– Тася, – Миша слабо машет рукой на окно, и я бросаюсь задергивать штору. У мужа постоянные галлюцинации, и в окне видятся ему страшные черные люди. – Тася, надо в аптеку.
Часы над нашей кроватью с серебристыми шишечками показывают только два часа пополудни.
И это очень, очень плохо.
Миша и так колет морфий пару раз в день, утром и вечером. Но, похоже, уже нет сил у него терпеть до вечера, и хочет он укола и в обед.
Торопливо выписав рецепт, муж смотрит на мой живот и вздыхает:
– Тасенька, ну ты же понимаешь: оставлять никак нельзя.
Один раз Миша уже говорил мне такое. В Киеве, когда собирались мы венчаться, выяснилось: я понесла, и будет ребенок. Накануне прислала мне из Саратова мама денег на платье. Пришлось те деньги отдать доктору. Мишенька говорил: еще не время, ему надо выучиться. А мне тогда страсть как хотелось ребенка. У доктора я чуть не померла: наркозу мне почему-то не давали, боль была адская, а еще началось кровотечение, и доктор все не мог его унять, а я думала, что помру вот так глупо, накануне венчания.
Зато потом, в церкви, когда священник венчал нас, мы с Михаилом все хохотали. Как представляли, что тут вместо свадьбы могли бы похороны быть, – так и смеялись. Венчалась я в белой кофточке и юбке. Мне их мама купила. Она на свадьбу приехала и когда доведалась, что платья нет, пошла к портному, и быстро пошили мне там кофточку. Родные Мишеньки были недовольны; думали, разве не могла уже мама моя мне платье пошить. Они считали, мы богато жили, но это было не так совсем…

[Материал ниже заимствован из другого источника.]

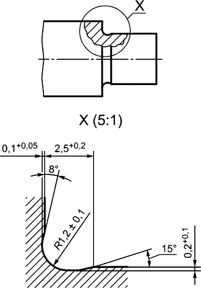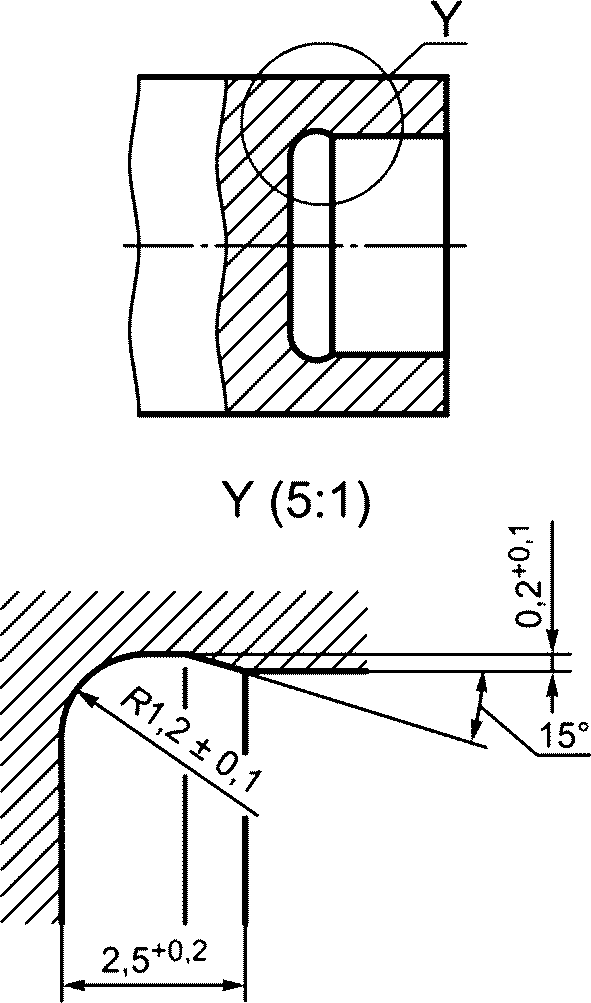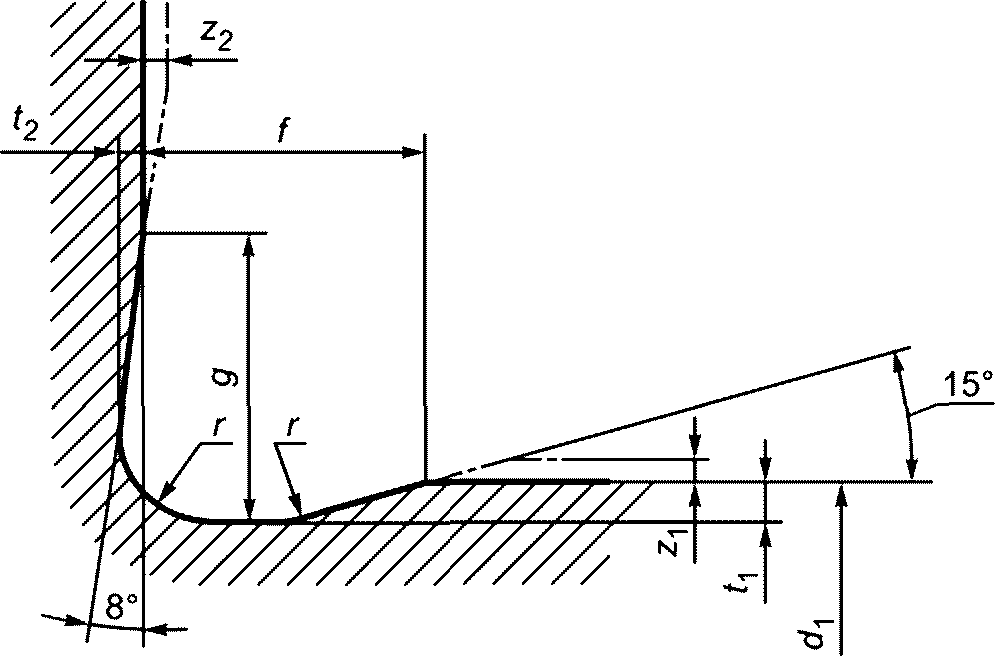 3.1 поднутрение: Удаление симметричной внутренней кромки определенной формы и заданных размеров, позволяющее, в соответствии с инструментом, используемым в производстве, обеспечить необходимое пространство для прилегающей детали во время сборки.
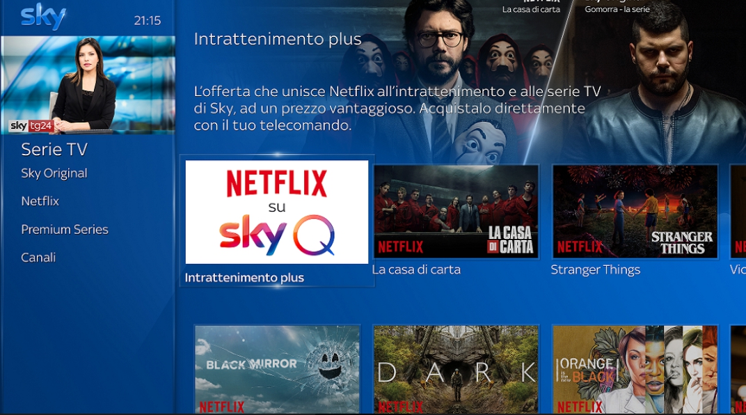 Chi ha già un abbonamento Netflix potrà decidere di sottoscrivere Intrattenimento plus, anche mantenendo il proprio profilo Netflix, per beneficiare dell’esperienza di visione di Sky Q e dei vantaggi di prezzo di questa offerta, oppure potrà fruire del servizio Netflix direttamente attraverso l’app disponibile su Sky Q.
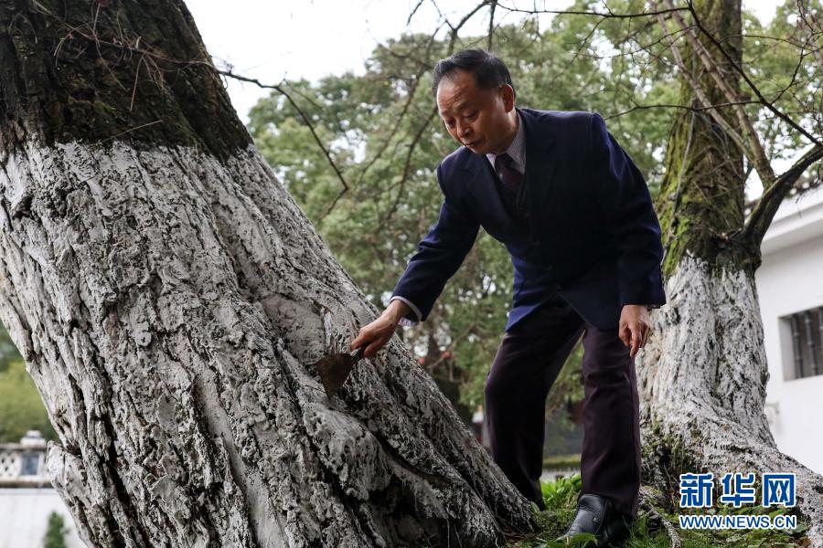 “這些年來,大大小小的病蟲害它都遇到過?!睆埍竟庹f,“就像一個(gè)政黨,發(fā)展道路上也會(huì)碰到各種問題,關(guān)鍵是要向惡疾亮劍,對(duì)病灶開刀?!彼弥簟㈢P子等工具,一面為大槐樹清理青苔、修剪枝條,一面對(duì)記者說。他會(huì)定期來會(huì)址,義務(wù)為大槐樹做“體檢”,以預(yù)防病蟲害。
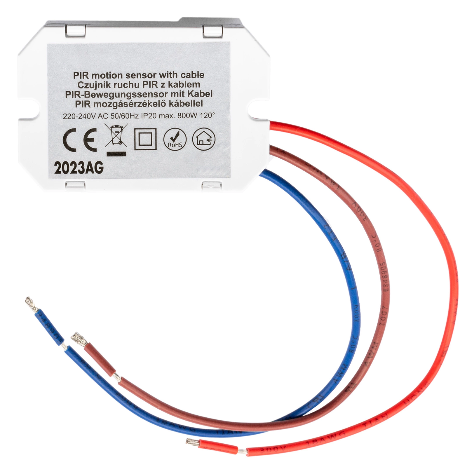 Pohybové čidlo PIR s kabelem je vysoce kvalitní výrobek, jehož hlavní předností je automatické ovládání světla a dalších elektrických zařízení. Infračervený PIR senzor s krytím IP20 umožňuje rozsvícení světla. Umožňuje šetřit energii a malé rozměry zařízení umožňují nenápadnou montáž na stěnu nebo strop. Senzor může zvolit dobu svícení: 5s, 30s, 1min, 3min, 5min, 8min. Délka napájecích kabelů je 150 mm a kabelu s PIR čidlem 300 mm.
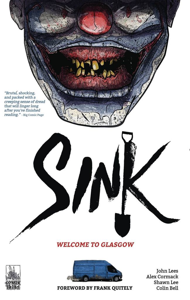 In the pages of Sink, you'll enter a forgotten East End district of a warped funhouse mirror vision of Glasgow, Scotland. Sinkhill is a hive of crooks, deviants and killers, and ordinary folk unfortunate enough to live among them. This thrilling, bload-soaked volume collects Sink #1-5, from modern horror masters John Lees (The Nasty, Hotell) and Alex Cormack (Drive Like Hell, Road of Bones). Foreword by comics superstar Frank Quitely (All-Star Superman).
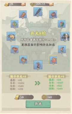 7.装备开光:消耗开光符与升阶符对装备进行精炼,提升所有装备的基础属性;当装备精炼阶级达到特定条件时,可激活合鸣效果,带来道行的额外增长。

Живот у меня еще небольшой.
А все равно, как наденешь теплую шубу и валенки – кажется, ни шагу ступить не выйдет; повалюсь набок и расшибусь всенепременно.
– Барыня, куда же вы! Обед простынет, – несется мне вслед отчаянный крик Анны.
Не до обеда теперь. Когда Мише нужен морфий – лучше повременить с другими делами, иначе сделается ему совсем худо.
Спешу, тороплюсь в аптеку. И, уклоняясь от колючего ледяного ветра, все вспоминаю наши с Мишей печали.
Никто из родных не знает, что Мишенька болеет. Боже упаси! Тотчас сделается дурно матушке и сестрам его, коли доведаются они о таком. Нет, решительно никому нельзя говорить про этот тяжелый недуг. Но все-таки поговорить с кем-то о происходящем мне хочется. Иногда такая тяжесть на сердце, такая тоска… Но разве есть подле меня тот человек, которому можно открыться? Персонал больницы меня ненавидит. Я пыталась уговорить Мишеньку согласиться, чтобы я работала при нем. Хоть бы даже полы мыла – я на все готова, только бы отвлечься. Но санитарки и фельдшерицы восприняли в штыки: барыня не должна работать. И Мишенька, конечно, не решился им перечить. Рядом со мной нет ни души, чтобы излить свои печали. Но придумала я себе друга – чуткого, внимательного, преданного. Веду с ним неспешные беседы. Вот так я рассказала бы ему о возникновении страшной Мишенькиной болезни: «Привезли ребенка с дифтеритом, и Михаил стал делать трахеотомию. Знаете, горло так надрезается? Фельдшер ему помогал, держал там что-то. Вдруг ему стало дурно. Он говорит: «Я сейчас упаду, Михаил Афанасьевич». Хорошо, Степанида перехватила, что он там держал, и он тут же грохнулся. Ну, уж не знаю, как они там выкрутились, а потом Михаил стал пленки из горла отсасывать и говорит: «Знаешь, мне кажется, пленка в рот попала. Надо сделать прививку». Я его предупреждала: «Смотри, у тебя губы распухнут, лицо распухнет, зуд будет страшный в руках и ногах». Но он все равно: «Я сделаю». И через некоторое время началось: лицо распухает, тело сыпью покрывается, зуд безумный. Безумный зуд. А потом страшные боли в ногах. Это я два раза испытала. И он, конечно, не мог выносить. Сейчас же: «Зови Степаниду». Я пошла туда, где они живут, говорю, что «он просит вас, чтобы вы пришли». Она приходит. Он: «Сейчас же мне принесите, пожалуйста, шприц и морфий». Она принесла морфий, впрыснула ему. Он сразу успокоился и заснул. И ему это очень понравилось. Через некоторое время, как у него неважное состояние было, он опять вызвал фельдшерицу. Она же не может возражать, он же врач… Опять впрыскивает. Но принесла очень мало морфия. Он опять… Вот так это началось…»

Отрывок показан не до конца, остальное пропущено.